Life

Guy Tells Incredibly Annoying Jokes To Coworkers

by Kim Lyons

We've all been there: Seeing the guy at work who always has a "hilarious" joke approaching in the hall with no way to escape and...ahhh, now he's made eye contact and you'll never get away. Get that fake laugh armed and ready. It's kind of the in-person version of the guy who sends jokes and funny gifs you never asked for via email (always with a million "fwd: fwd: FWD"s in the subject line like it's 1998 and we all just got our first trial versions of AOL). But the guy in this video, with Australian accent and wearing sunglasses indoors just keeps going, telling bad pun after bad pun to his coworkers, none of whom seem A) all that busy or B) in any great hurry to get away from him. And he's annoying. He must say "HEY ANDREW" and "HEY STEVE" about 100 times. At least it starts to feel that way. They are the kinds of jokes you might hear from 4th grade boys. A couple of examples (try to hold your eye-rolling until the end):

Hey Andrew. I used to go out with a girl who had a taser gun. She was stunning.

Hey Steve. Did you hear about that Mexican serial killer? He had locomotives.

Hey Steve. I met a girl in Korea. We're Seoul mates.

Hey Steve. Did you read that book on anti-gravity? It's hard to put down.

Hey Andrew. I just got a job crushing cans. It's soda pressing (so depressing).

Ugh, be funnier, guy who still shoots vertical video with his cell phone. (Seriously, the YouTube commenters seem more peeved by the video orientation than the guy's terrible jokes, tbh.) If you're going to make this your Thing at work—like the lady who always has a candy dish, or the guy who always forgets his email password—you gotta try harder than this.

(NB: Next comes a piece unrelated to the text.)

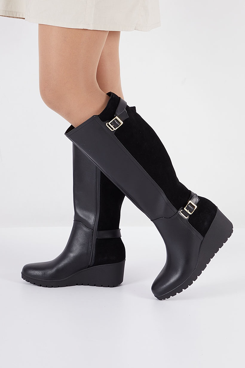 | sub_Categories | Shoes, Boots, women medium sannaa wedge heel knee length boots black |
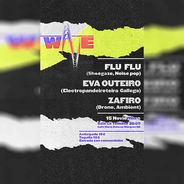 Qué: el sábado 15 de noviembre de 2025 se celebrará el WAVE Fest (festival de músicas emergentes) en la sala La Tomasa de Sevilla. Actuarán las bandas Flu Flu (shoegaze, noise pop), Eva Outeiro (electropandeireteira gallega) y Zafiro (drone, ambient). Consulta la agenda completa de conciertos en Sevilla.

And since the humor is at the barely-juvenile level, there is, of course, the prerequisite small penis joke. Also just not that funny. So how do you handle the co-worker who needs constant validation for their terrible jokes? You could be nice and just chuckle politely and hope they go away and let you get back to work, which is what most of us end up doing. Sure, there are worse things to deal with in the workplace. And again, this guy's coworkers don't seem overly bothered by his "humor."

Side note: This vid is all over the internets, isn't our jokester friend at all concerned that his bosses might look at it and say "perhaps he needs more to do during the day, because he's clearly not busy enough"? Just a thought.